A coordinated push to clean up duplicate and mislabelled images across Milan's major public digital archives took a concrete step forward this week, when three of the city's leading cultural institutions agreed to align their cataloguing systems under a shared technical protocol. The agreement, reached in meetings at the Palazzo delle Stelline in Corso Magenta on Wednesday, July 1, brings together the Pinacoteca di Brera, the Triennale di Milano, and the Archivio Civico Fotografico — institutions that together hold tens of thousands of digitised records accessible to the public online.
The problem of duplicate images in digital archives is not new, but it has grown sharply as institutions scrambled to digitise collections during the 2020-2022 period and then pushed those assets onto public-facing platforms with limited cross-checking. A single artwork or historical photograph can appear under multiple catalogue entries, sometimes with conflicting dates, different titles, or incompatible rights declarations. For researchers, educators, and the design and fashion industry professionals who regularly mine these collections for reference material, the errors create real practical problems — wrong attributions end up in publications, licensing disputes surface, and search results return cluttered, redundant results.
Why This Week's Agreement Matters
The timing is not accidental. Milan-Cortina 2026, the Winter Olympics opening in February, has placed enormous pressure on the city's cultural and communications infrastructure to present a coherent, high-quality digital face to international audiences. Tourism bodies, media rights holders, and accredited press organisations routinely pull imagery from civic archives, and duplicate or misidentified photographs create legal and reputational exposure. The Comune di Milano's digital services directorate flagged the issue formally in a report circulated to department heads in late May, according to public procurement notices posted on the city's transparency portal.

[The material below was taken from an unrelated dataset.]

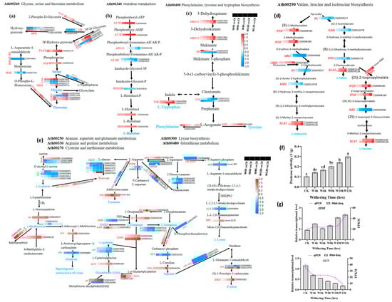 The differentially expressed genes (DEGs) involved in amino acid formation during the withering process. (a) Glycine, serine and threonine metabolism; (b) histidine metabolism; (c) phenylalanine, tyrosine, and tryptophan biosynthesis; (d) valine, leucine, and isoleucine biosynthesis; (e) alanine, aspartate, and glutamate metabolism; arginine and proline metabolism; cysteine and methionine metabolism; lysine biosynthesis; (f) protease activity; (g) the validation of RNA-seq by RT-qPCR. The column charts represent values of RNA-seq, and the lines represent RT-qPCR values. Statistical significance of DEGs was defined using adjusted p-value < 0.05 and |fold-change “FC” | > 1.5 as a cut-off.

The Archivio Civico Fotografico alone holds more than 400,000 digitised images, a collection that spans from late-nineteenth-century views of the Navigli canal network to mid-century industrial reportage from the Bicocca manufacturing district. Staff there have been working since early 2025 to implement a deduplication workflow using perceptual hashing — a technique that generates a numerical fingerprint for each image and flags near-identical files for human review. The backlog as of June 30 stood at roughly 18,000 flagged image pairs awaiting manual verification, according to figures published on the archive's own project tracking page.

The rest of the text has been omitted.